"""
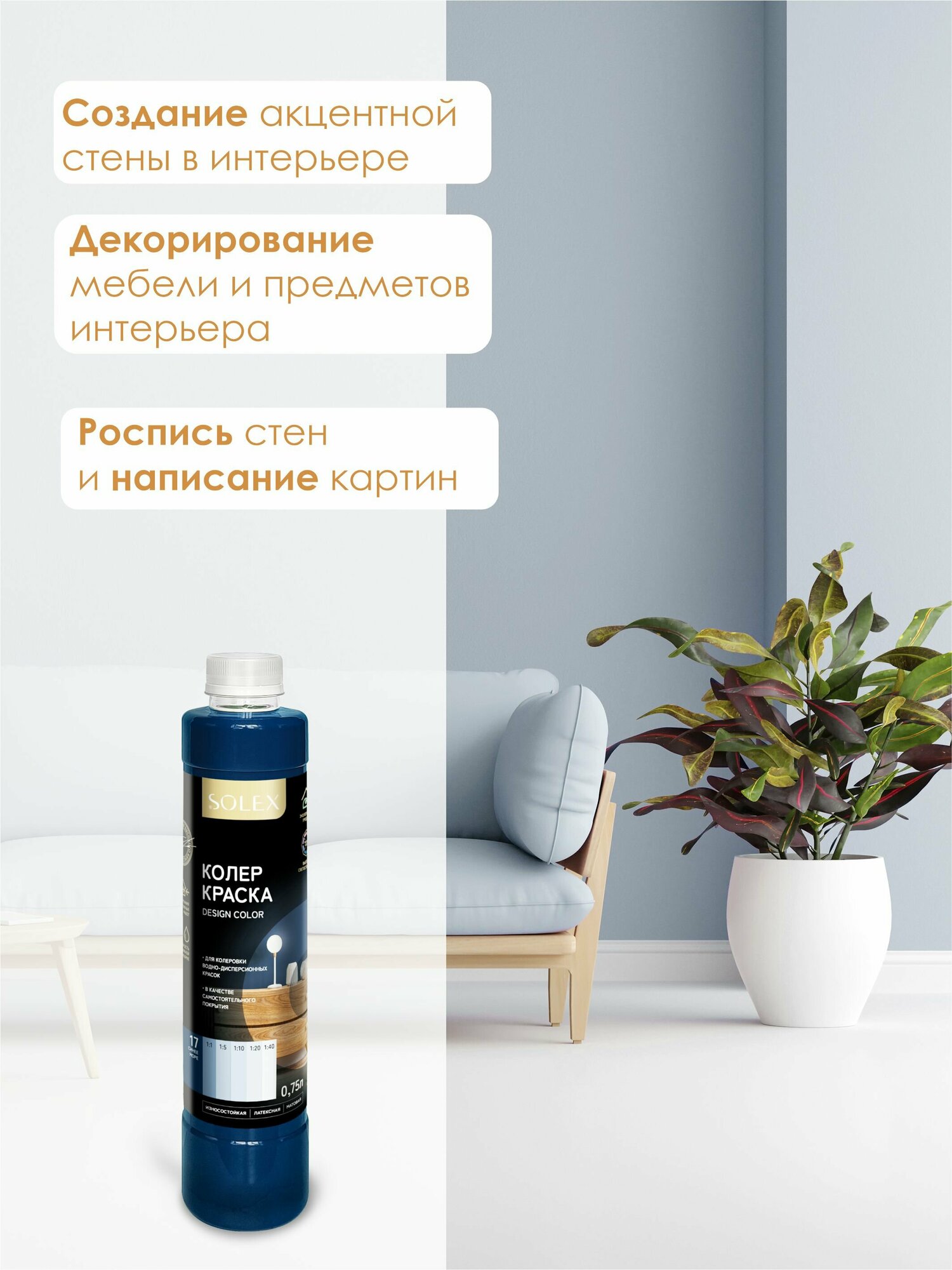 Краска колеровочная SOLEX синий 0,75л бутылка ПЭТ
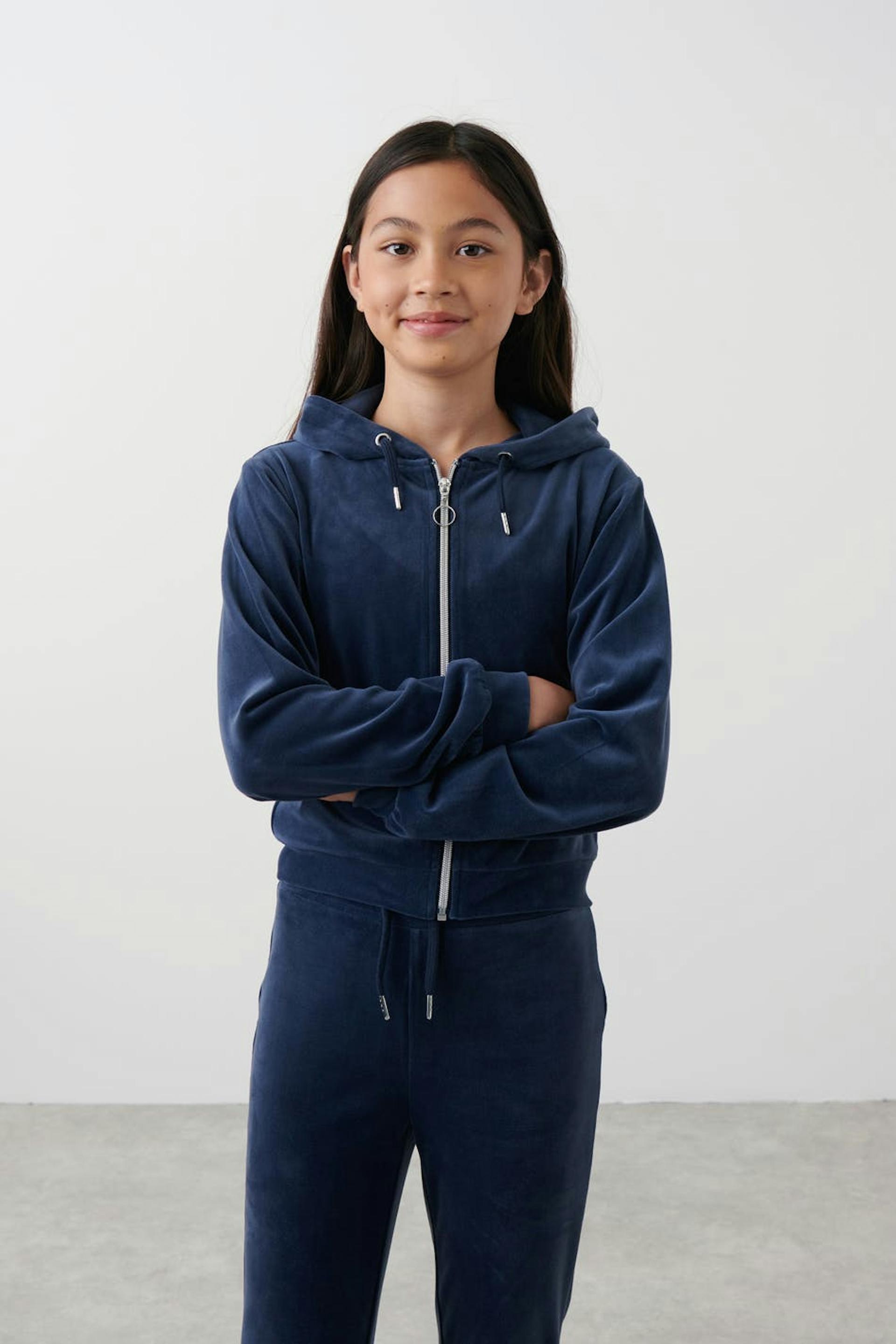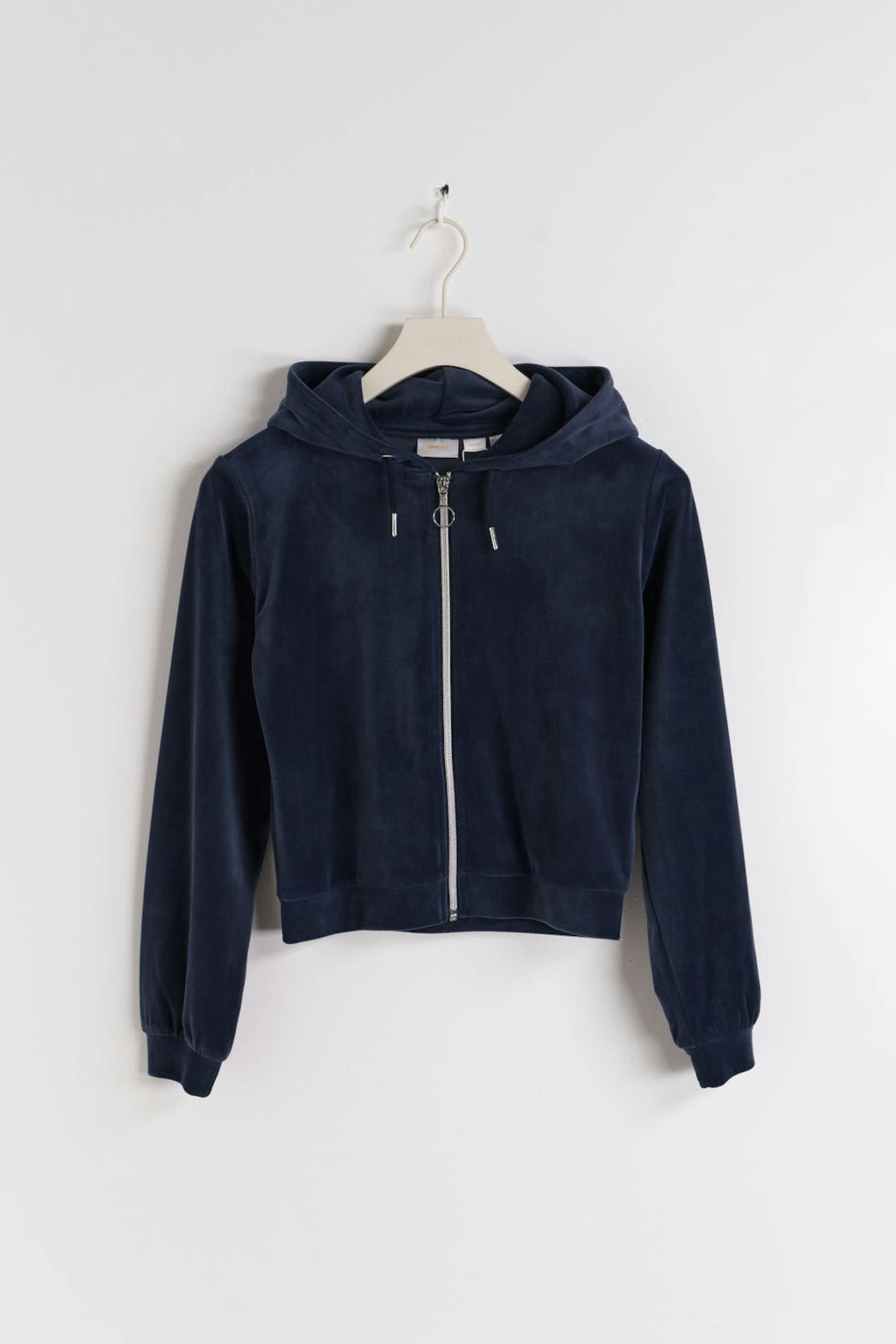 Cropped hoodie in velour with zip closure at the front. The hoodie is blue and has long sleeve with cuff.
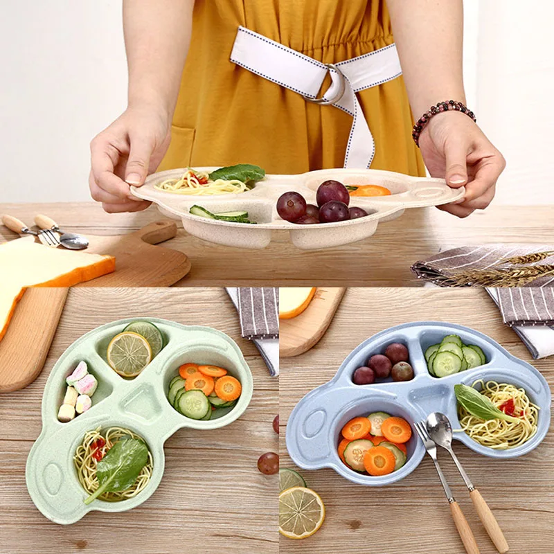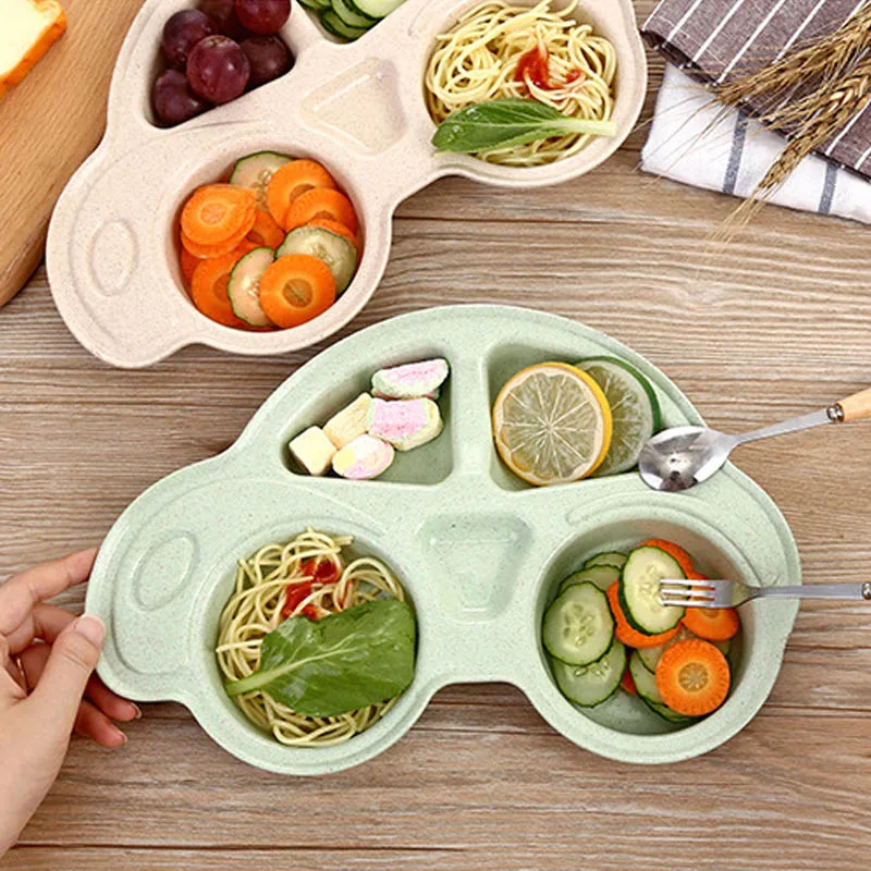 Экологически чистая портативная детская тарелка с мультяшным автомобилем, Детская тарелка, Детская тарелка, пшеничная солома, миска для младенцев
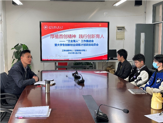 为全面落实立德树人根本任务,贯彻党的二十大报告关于深化创新人才培养的精神与要求,围绕如何依托工程训练教育教学推进工程应用型创新人才培养,工程训练中心(创新创业学院)于4月27日下午组织召开“三全育人”工作会议暨2023年大学生创新训练项目动员会,2023年获批国家级、市级、校级大学生创新训练项目的学生团队负责人、指导教师代表出席,会议由工程训练中心副主任万军主持。
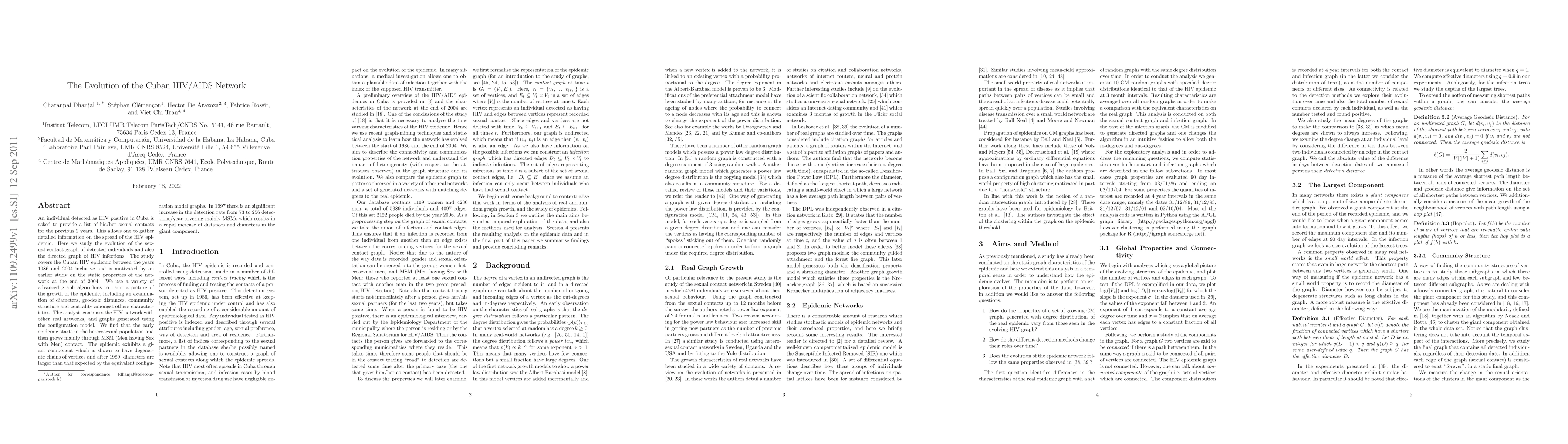 An individual detected as HIV positive in Cuba is asked to provide a list of his/her sexual contacts for the previous 2 years. This allows one to gather detailed information on the spread of the HIV epidemic. Here we study the evolution of the sexual contact graph of detected individuals and also the directed graph of HIV infections. The study covers the Cuban HIV epidemic between the years 1986 and 2004 inclusive and is motivated by an earlier study on the static properties of the network at the end of 2004. We use a variety of advanced graph algorithms to paint a picture of the growth of the epidemic, including an examination of diameters, geodesic distances, community structure and centrality amongst others characteristics. The analysis contrasts the HIV network with other real networks, and graphs generated using the configuration model. We find that the early epidemic starts in the heterosexual population and then grows mainly through MSM (Men having Sex with Men) contact. The epidemic exhibits a giant component which is shown to have degenerate chains of vertices and after 1989, diameters are larger than that expected by the equivalent configuration model graphs. In 1997 there is an significant increase in the detection rate from 73 to 256 detections/year covering mainly MSMs which results in a rapid increase of distances and diameters in the giant component.
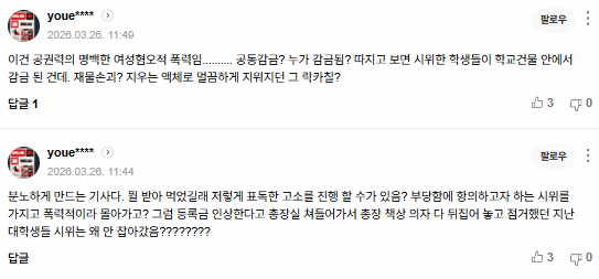 동덕여대는 이를 알면서도 외면하고 있으며, 보상 문제가 무서워 책임을 회피하는 모양이다.
"""
§ Task
Could the stretch from the line with "Экологически чистая портативная" through the line with "为全面落实立德树人根本任务,贯彻党的二十" in the listing above be restated word for word, minus the pictures?

§ Task solution
 Экологически чистая портативная детская тарелка с мультяшным автомобилем, Детская тарелка, Детская тарелка, пшеничная солома, миска для младенцев
 为全面落实立德树人根本任务,贯彻党的二十大报告关于深化创新人才培养的精神与要求,围绕如何依托工程训练教育教学推进工程应用型创新人才培养,工程训练中心(创新创业学院)于4月27日下午组织召开“三全育人”工作会议暨2023年大学生创新训练项目动员会,2023年获批国家级、市级、校级大学生创新训练项目的学生团队负责人、指导教师代表出席,会议由工程训练中心副主任万军主持。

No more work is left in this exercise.